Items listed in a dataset
*-*-*
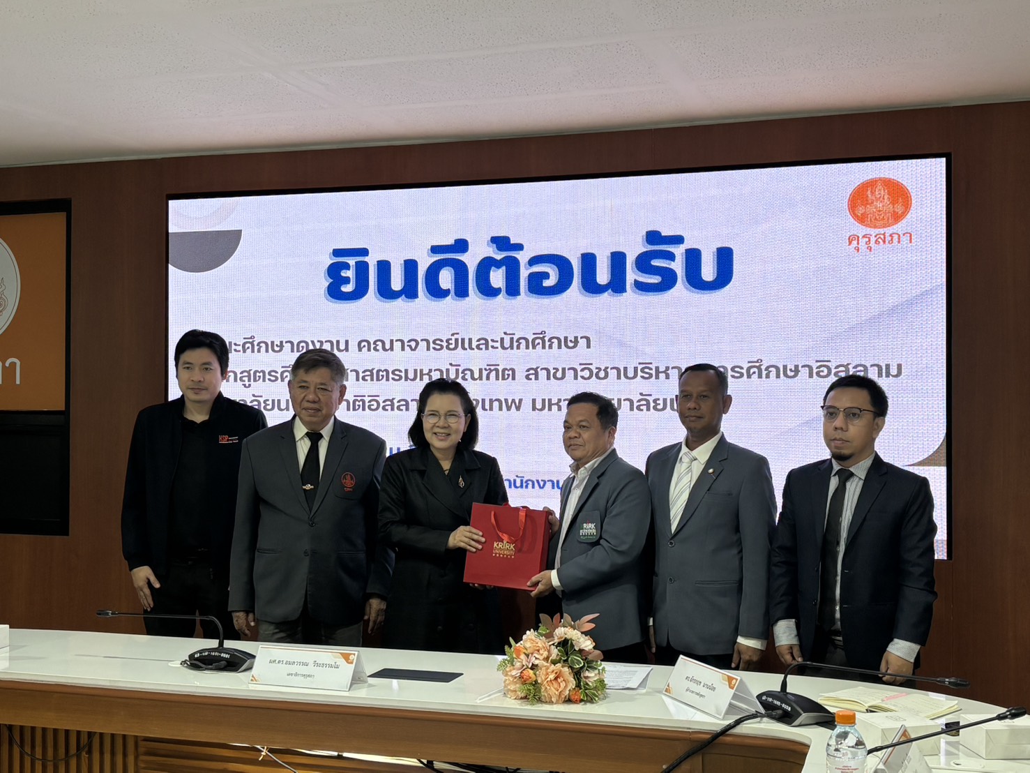 เมื่อวันอังคารที่ 6 มกราคม 2569 เวลา 09.00 น. หลักสูตรศึกษาศาสตรมหาบัณฑิต สาขาวิชาการบริหารการศึกษาอิสลาม (รุ่นที่ 2) วิทยาลัยนานาชาติอิสลามกรุงเทพ มหาวิทยาลัยเกริก นำโดย อาจารย์กัษมารา เอี่ยมพัชรวุฒิ ผู้ช่วยคณบดี ดร.จักรกฤช มานน้อย ผู้อำนวยการหลักสูตรฯ ดร.อนันต์ สะเล็ม ผู้อำนวยการหลักสูตรบริหารธุรกิจมหาบัณฑิต สาขาวิชาบริหารธุรกิจอิสลาม และ อาจารย์ ดร.อรรณพ แดงโกเมน อาจารย์ประจำบัณฑิตศึกษา ได้นำคณะนักศึกษาเข้าศึกษาดูงานและแลกเปลี่ยนเรียนรู้ทางวิชาการ ณ สำนักงานเลขาธิการคุรุสภา
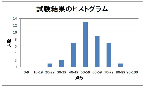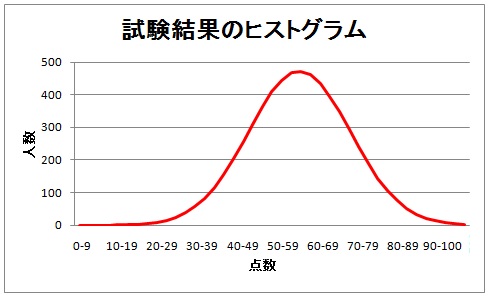 ちなみに、点数毎の発生頻度のグラフをヒストグラム(ヒストグラフではありません)と呼びます
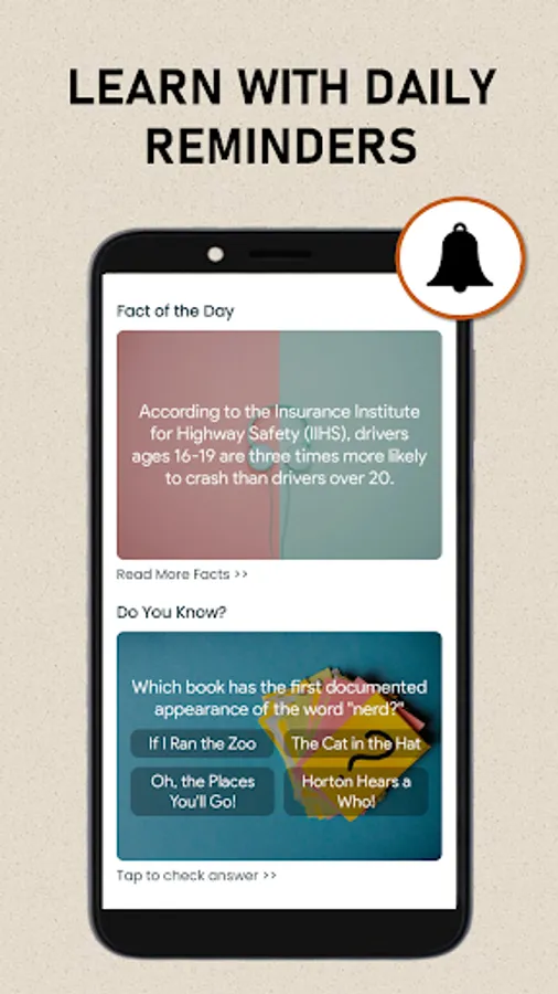 With this amazing facts app, you can not only read amazing facts but also download fun facts cards and share these amazing facts with your friends. Play facts games offline or online (facts quiz) to test your facts knowledge and earn points. Just answer the facts questions everyday and become the ultimate Facts Master. If you can't answer the facts questions or facts quiz, no worries, just read our collection of facts everyday (Facts of the day) with our daily reminder and learn more. This is the perfect facts hub app or facts channel where you learn and test your facts knowledge.
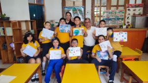 Al final de la presentación, los niños de primaria y jardín de niños del Colegio, se inspiraron para plasmar en coloridos dibujos a los principales personajes de “El Maravilloso Señor Moon”.
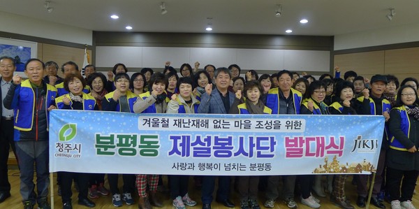 청주시 분평동 주민센터가 25일 겨울철 눈길 안전사고 없는 살기좋은 분평동을 만들기 위해 제설봉사단 발대식을 가졌다.
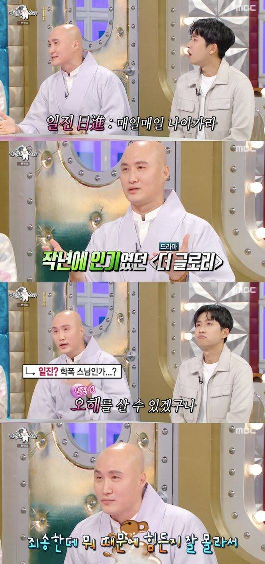 이날 뉴진스님은 법명이 바뀌었다며 “제 법명이 원래 ‘뉴진’이 아니었다. 지난번 출연 때는 ‘일진 스님’으로 출연했다”라고 말문을 열었다.
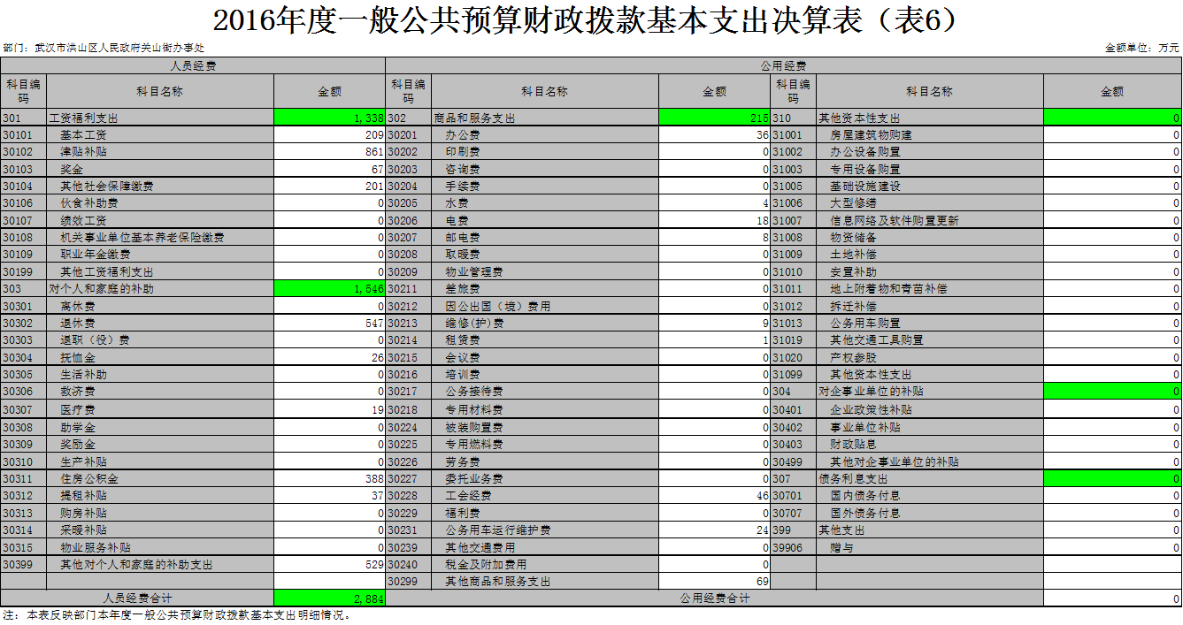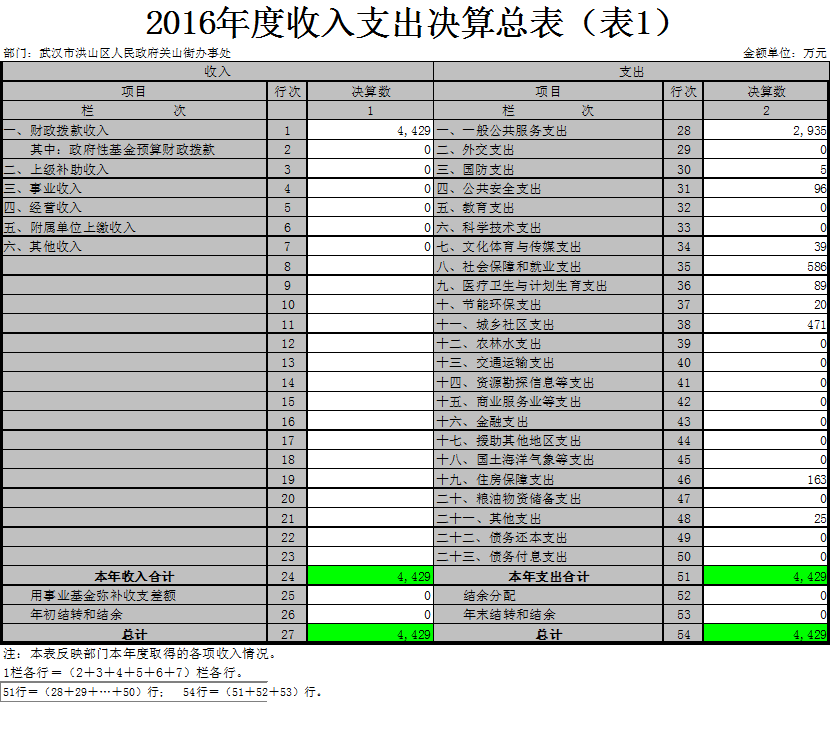 第二部分 武汉市洪山区人民政府关山街办事处2016年度部门决算表
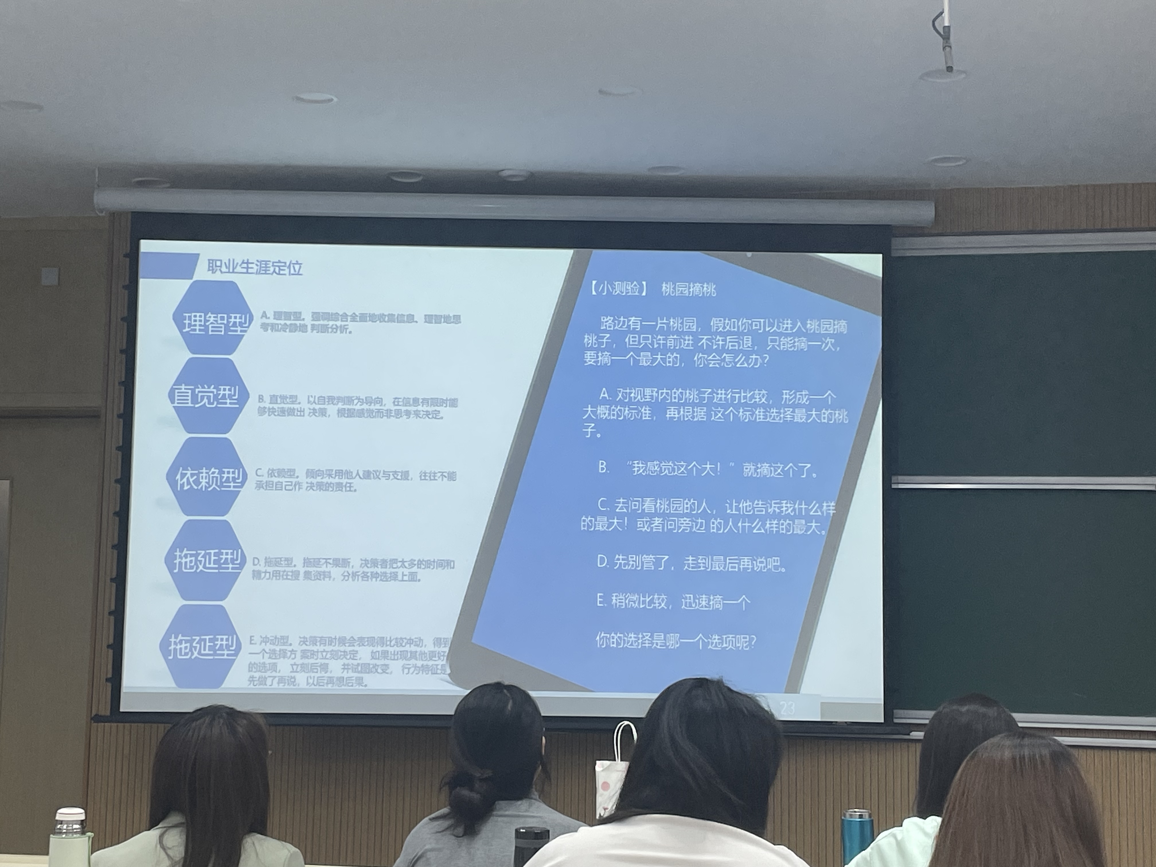 第一个环节,临近大四学年,杨佳欣老师着重在实习和就业招聘等职业规划方面向同学们分享了大量的信息,提出了全面有效的指导建议。杨佳欣首先介绍了当前就业市场的形势,鼓励同学们积极参加各类招聘活动。在国家政策方面,同学们了解到了国家公务员考试、各类选调、“三支一扶”、部队文职以及“西部计划”等政策性就业信息,并就此类信息进行了深度分析和拓展交流。紧接着,杨佳欣提到,极速飞艇
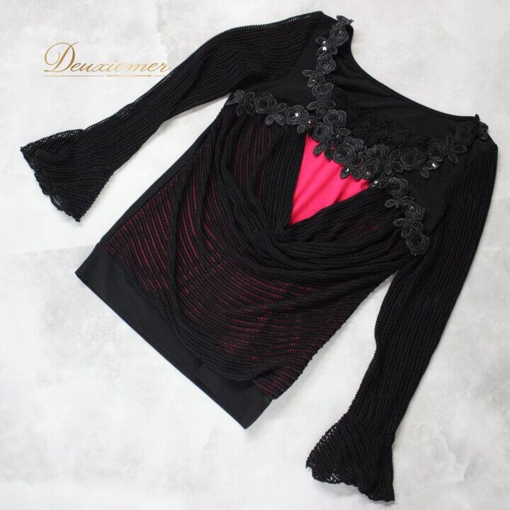 #社交ダンス #ダンス衣装 #ダンスファッション #トップス #ビビッドピンク #ブラック #スパンコール #花模様 #伸縮性 #アクティブウェア #ダンスパフォーマンス #フィットネス #トルソー #ウエア #スタイル #ファッション #ダンススタジオ #社交ダンス衣装 #パーティーコスチューム #ENUTSU
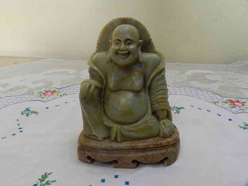 Hezká menší Soška, řezba, mastek, kamenný sokl, ruční práce, Budha - Shanghai.
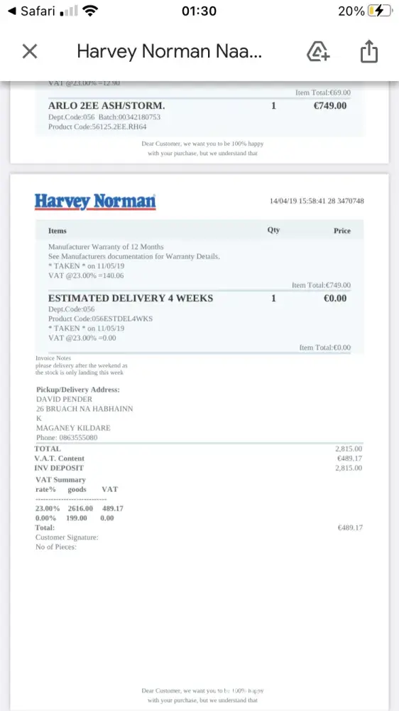 We are so upset by the product, the service and the lack of customer service from Harvey Norman. This has upset us SO much that we do not want to ever deal with them again. Our friends and family are also shocked at the inferior product and said they won't be buying furniture either.
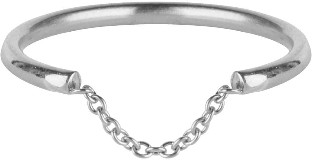 Stalen minimalistische (stapel)ring "R572 Chained Shiny Steel", rond afgewerkte ring met diameter 1,5mm met een opening van 1cm waaraan een stijlvol kettingkje bevestigd is.
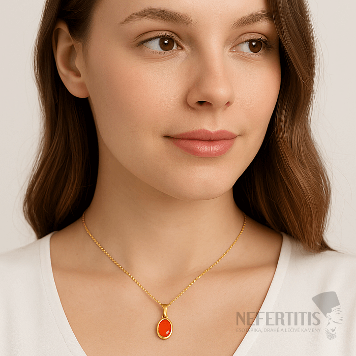Dominantou šperku je přírodní broušený kámen karneol o velikosti 8 mm, zasazený do precizně zpracovaného pozlaceného lůžka, které zvýrazňuje jeho sytou oranžovo-červenou barvu. Přívěsek váží pouhých 0,5 g, je tedy velmi lehký, pohodlný a vhodný pro každodenní nošení.
*-*-*
- **What to do**: Extract, character for character, every line from the one that holds "We are so upset" through the end of the entries above. Include both boundary lines and no pictures.

- **Response to this task**:
 We are so upset by the product, the service and the lack of customer service from Harvey Norman. This has upset us SO much that we do not want to ever deal with them again. Our friends and family are also shocked at the inferior product and said they won't be buying furniture either.
 Stalen minimalistische (stapel)ring "R572 Chained Shiny Steel", rond afgewerkte ring met diameter 1,5mm met een opening van 1cm waaraan een stijlvol kettingkje bevestigd is.
Dominantou šperku je přírodní broušený kámen karneol o velikosti 8 mm, zasazený do precizně zpracovaného pozlaceného lůžka, které zvýrazňuje jeho sytou oranžovo-červenou barvu. Přívěsek váží pouhých 0,5 g, je tedy velmi lehký, pohodlný a vhodný pro každodenní nošení.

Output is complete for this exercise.